Numeric (length 1). Reported sample size.

scale_min, scale_max

Numeric (length 1 each). Minimal and maximal possible values of the measurement scale. For example, with a 1-7 Likert scale, use scale_min = 1 and scale_max = 7. Prefer the empirical min and max if available: they constrain the possible values further.

Details

The result of this function is hard to interpret.
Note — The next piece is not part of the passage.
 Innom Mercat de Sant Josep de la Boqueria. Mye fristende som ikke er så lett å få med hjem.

All it can do is to convey an idea about the likely runtime of CLOSURE. This is because the input parameters interact in highly dynamic ways, which makes prediction difficult.
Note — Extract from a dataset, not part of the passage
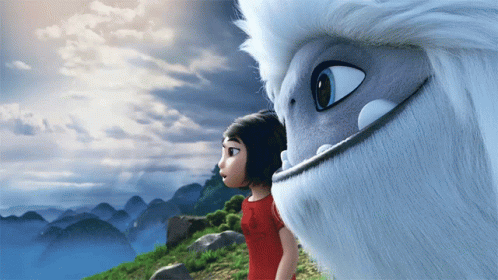 Yi, Jin, and the Yeti from Abominable marvel at a stunning, misty mountain landscape.

In addition, even progress bars or updates at regular intervals (e.g., "10% complete") prove to be extremely challenging: the Rust code computes CLOSURE results in parallel, which makes it hard to get an overview of the total progress across all cores; and especially to display such information on the R level.

Value

Numeric (length 1).

Examples

# Low SD, N, and scale range:
closure_gauge_complexity(
  mean = 2.55,
  sd = 0.85,
  n = 84,
  scale_min = 1,
  scale_max = 5
)

# Somewhat higher:
closure_gauge_complexity(
  mean = 4.26,
  sd = 1.58,
  n = 100,
  scale_min = 1,
  scale_max = 7
)

# Very high:
closure_gauge_complexity(
  mean = 3.81,
  sd = 3.09,
  n = 156,
  scale_min = 1,
  scale_max = 7
)

Generate CLOSURE samples

Description

Call closure_generate() to run the CLOSURE algorithm on a given set of summary statistics.
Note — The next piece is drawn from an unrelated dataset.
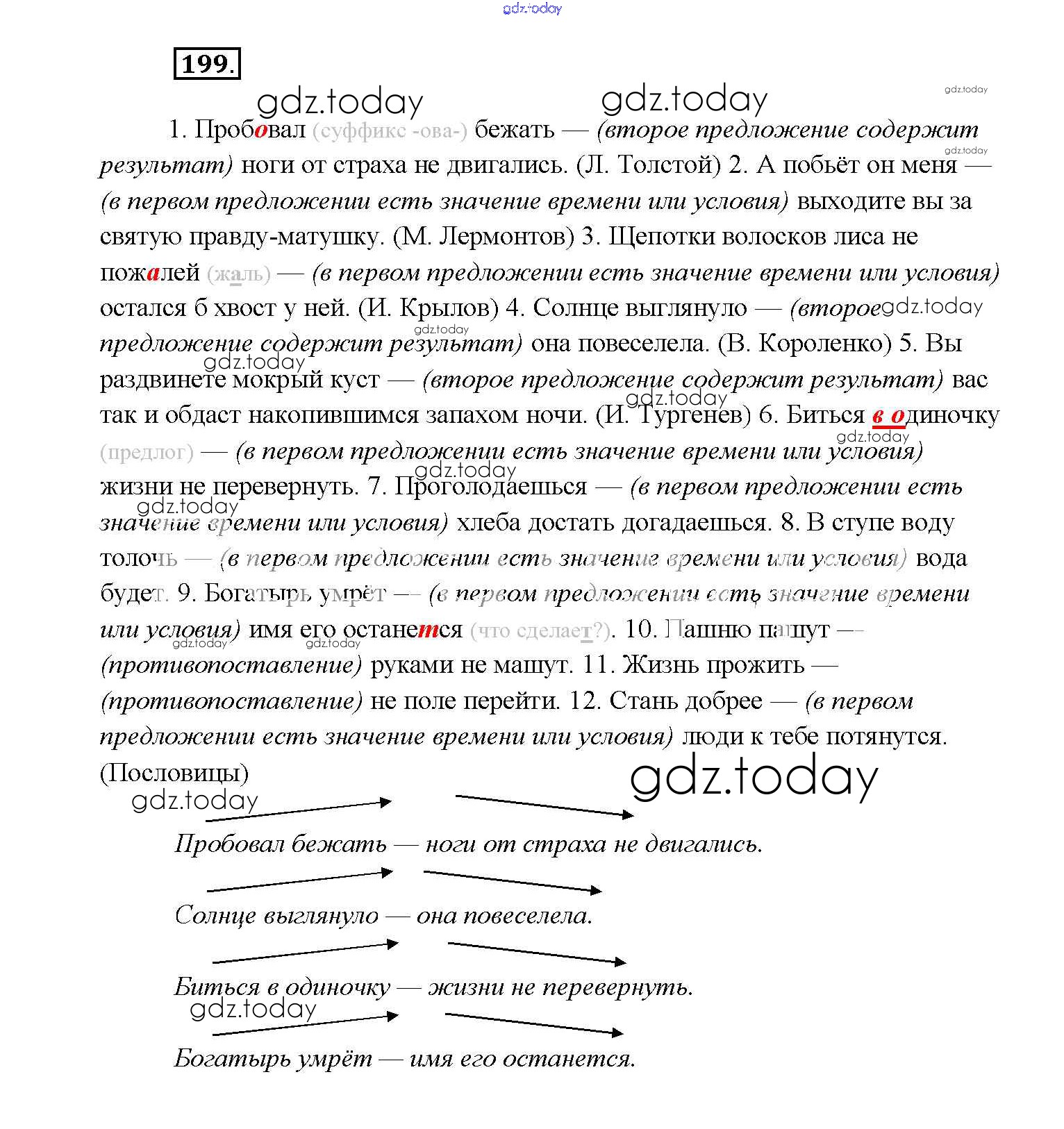 На страницах сайта gdz.today вы найдете учебный и вспомогательный материал, направленный на улучшения знаний школьной программы. ГДЗ - онлайн мир знаний Решение к упражнениям 199 Учебнику по Русскому языку для 9 класса Тростенцова, Ладыженская Просвещение 2014

This can take seconds, minutes, or longer, depending on the input. Wide variance and large n often lead to many samples, i.e., long runtimes. These effects interact dynamically. For example, with large n, even very small increases in sd can greatly increase runtime and number of values found.

If the inputs are inconsistent, there is no solution. The function will then return empty results and throw a warning.

Usage

closure_generate(
  mean,
  sd,
  n,
  scale_min,
  scale_max,
  rounding = "up_or_down",
  threshold = 5,
  warn_if_empty = TRUE,
  ask_to_proceed = TRUE,
  rounding_error_mean = NULL,
  rounding_error_sd = NULL
)

Arguments

mean

String (length 1). Reported mean.

sd

String (length 1). Reported sample standard deviation.

n

Numeric (length 1). Reported sample size.

scale_min, scale_max

Numeric (length 1 each). Minimal and maximal possible values of the measurement scale. For example, with a 1-7 Likert scale, use scale_min = 1 and scale_max = 7. Prefer the empirical min and max if available: they constrain the possible values further.

rounding

String (length 1). Rounding method assumed to have created mean and sd. See Rounding options, but also the Rounding limitations section below. Default is "up_or_down" which, e.g., unrounds 0.12 to 0.115 as a lower bound and 0.125 as an upper bound.

threshold

Numeric (length 1). Number from which to round up or down, if rounding is any of "up_or_down", "up", and "down". Default is 5.

warn_if_empty

Logical (length 1). Should a warning be shown if no samples are found? Default is TRUE.

ask_to_proceed

Logical (length 1). If the runtime is predicted to be very long, should the function prompt you to proceed or abort in an interactive setting? Default is TRUE.

rounding_error_mean, rounding_error_sd

Numeric (length 1 each). Option to manually set the rounding error around mean and sd. This is meant for development and might be removed in the future, so most users can ignore it.

Value

Named list of four tibbles (data frames):

Rounding limitations

The rounding and threshold arguments are not fully implemented. For example, CLOSURE currently treats all rounding bounds as inclusive, even if the rounding specification would imply otherwise.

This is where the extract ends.